I am modeling refrigeration systems (using Modelica--not really important to know), and I am using the database to manage input data, results data, and models used for that data.

My top parent table is

Model
, which contains the columns:

id, name, version, date_created


My child table under
Model
is called
Design
. It is used to create a unique id for each combination of design input parameters and the model used. the columns it contains are:

id, model_id, date_created


I then have two child tables under
Design
, one called
Input
, and the other called
Result
. We can just look at Input for now, since one example should be enough. The columns for input are:

id, value, design_id, parameter_id, component_id


parameter_id
and
component_id
are foreign keys to their own tables.The
Parameter
table has the following columns:

id, name, units


Some example rows for
Parameter under
name are: length, width, speed, temperature, pressure (there are many dozens more). The Component table has the following columns:

id, name


Some example rows for
Component
under name are: compressor, heat_exchanger, valve.

Ultimately, in my program I want to search the database for a specific design. I want to be able to search a specific design to be able to grab specific results for that design, or to know whether or not a model simulation with that design has already been run previously, to avoid re-running the same data point.

I also want to be able to grab all the parameters for a given design, and insert it into a class I have created in Python, which is then used to provide inputs to my models. In case it helps for solving the problem, the classes I have created are based on the components. So, for example, I have a compressor class, with attributes like compressor.speed, compressor.stroke, compressor.piston_size. Each of these attributes should have their own row in the Parameter table.

So, how would I query this database efficiently to find if there is a design that matches a long list (let's assume 100+) of parameters with specific values? Just as a side note, my friend helped me design this database. He knows databases, but not my application super well. It is possible that I designed it poorly for what I want to accomplish.

Here is a simple picture trying to map a certain combination of parameters with certain values to a design_id, where I have taken out component_id for simplicity:

Picture of simplified tables

Answer

Simply join the necessary tables. Your schema properly reflects normalization (separating tables into logical groupings) and can scale for one-to-many relationships. Specifically, to answer your question --So, how would I query this database efficiently to find if there is a design that matches a long list (let's assume 100+) of parameters with specific values?-- consider below approaches:

Inner Join with Where Clause

For handful of parameters, use an inner join with a WHERE...IN() clause. Below returns design fields joined by input and parameters tables, filtered for specific parameter names where you can have Python pass as parameterized values even iteratively in a loop:

SELECT d.id, d.model_id, d.date_created
FROM design d
INNER JOIN input i ON d.id = i.design_id
INNER JOIN parameters p ON p.id = i.parameter_id
WHERE p.name IN ('param1', 'param2', 'param3', 'param4', 'param5', ...)

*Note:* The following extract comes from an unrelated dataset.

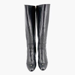 Louis Vuitton Knee High Boots EU 37.5 US 7.5 Black Leather Western LV High Heel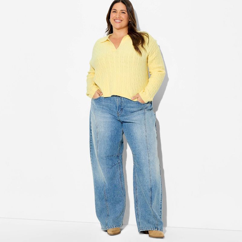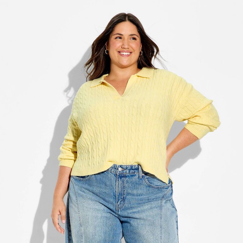 Women's Polo Collar Pullover Sweater - Wild Fable™ Yellow XXL

Inner Join with Temp Table

Should values be over 100+ in a long list, consider a temp table that filters parameters table to specific parameter values:

# CREATE EMPTY TABLE (SAME STRUCTURE AS parameters)
sql = "CREATE TABLE tempparams AS SELECT id, name, units FROM parameters WHERE 0;"
cur.execute(sql)
db.commit()

# ITERATIVELY APPEND TO TEMP
for i in paramslist:                                  # LIST OF 100+ ITEMS
    sql = "INSERT INTO tempparams (id, name, units) \
           SELECT p.id, p.name, p.units \
           FROM parameters p \
           WHERE p.name = ?;"
    cur.execute(sql, i)                               # CURSOR OBJECT COMMAND PASSING PARAM
    db.commit()                                       # DB OBJECT COMMIT ACTION 

Then, join main design and input tables with new temp table holding specific parameters:

SELECT d.id, d.model_id, d.date_created
FROM design d
INNER JOIN input i ON d.id = i.design_id
INNER JOIN tempparams t ON t.id = i.parameter_id 

Same process can work with components table as well.